Everything about the Vatican is magnificent – from St Peter’s Square, the Vatican Museums, Sistine Chapel and St Peter’s Basilica.  The guide was very informative and we learned much about the buildings and artworks along the way.  The Sistine Chapel of course, was the highlight and it was amazing to finally see the famous Michelangelo frescos.  It was especially thrilling to see the Creation of Adam.  It would be wonderful to view them without the hordes of people jostling and talking however at least photography was banned so were spared the duck-faced selfie brigade!  

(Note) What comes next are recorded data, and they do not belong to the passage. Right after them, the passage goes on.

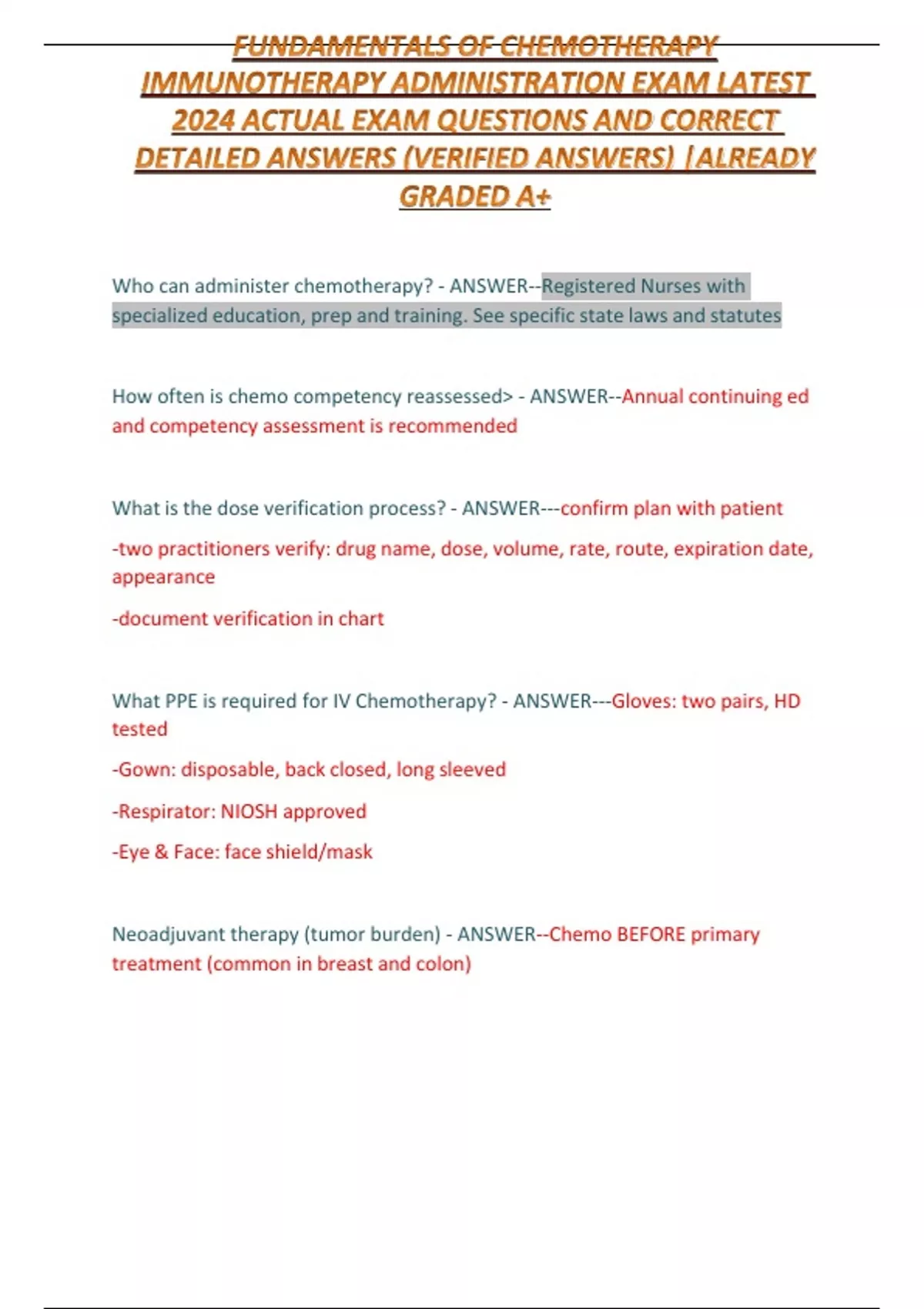 FUNDAMENTALS OF CHEMOTHERAPY IMMUNOTHERAPY ADMINISTRATION EXAM LATEST 2024 ACTUAL EXAM QUESTIONS AND CORRECT DETAILED ANSWERS (VERIFIED ANSWERS) |ALREADY GRADED A+
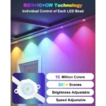 RGB+IC+CW Colors – This smart outdoor light fixture uses RGB+IC+CW technology, which offers 16 million colors. You can adjust the light’s color, effects, speed, and brightness however you like. The color temperature can be adjusted from warm white to cool white (2700K to 6500K). The permanent Christmas outdoor lights have an anti-glare lens that makes it bright but not too bright, like a soft and vibrant halo.
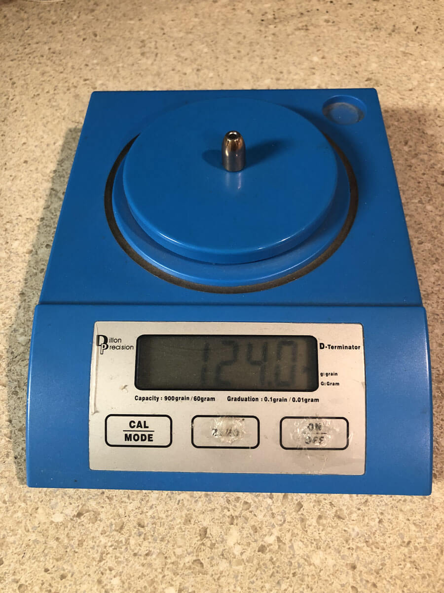On my scale, I weighed the 20 bullets. Four bullets weighed 123.9 grains, three bullets weighed 124.0, nine bullets weighed 124.1, and 3 bullets weighed 124.2. That is a spread of .3 of a grain overall. Better than acceptable as far as I am concerned.
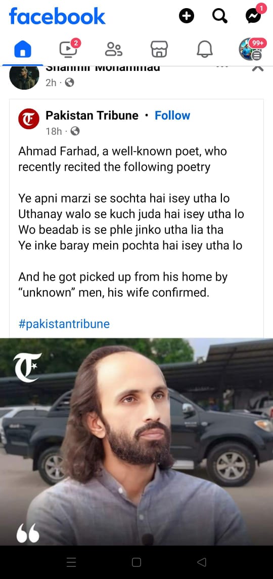سماجی رابطے کی ویب سائٹ پر ایک آزاد صحافتی پلیٹ فارم ” پاکستان ٹریبیون” کی طرف سے ایک احمد فرحاد نامی شاعر کی تصویر کو شیئر کیا گیا ۔

We finished our tour with a visit to St Peter’s Basilica.  We were especially lucky to be visiting this year, as 2016 has been proclaimed the Extraordinary Jubilee of Mercy. The Great Door of St Peter’s was open (the holy door which is normally bricked up and only open during jubilees) and we were able to pass through.  Once inside, there were two Saints’ bodies on display, Padre Pio and St Leopoldo Mandic.  We could have queued to view the saints however Michael did not want to see them up close. Thousands of pilgrims came to Rome to venerate them for the week that they were on display.  We walked around the massive basilica viewing the architecture, statues, tombs and chapels.  It must be awesome to attend a mass there where the capacity is 60,000 people.
Michael and I thoroughly enjoyed our time in Italy.  It is a beautiful country with friendly people, fabulous food and wine as well as wonderful art works, history and architecture.  We would love to return as we only scratched the surface of what this country has to offer.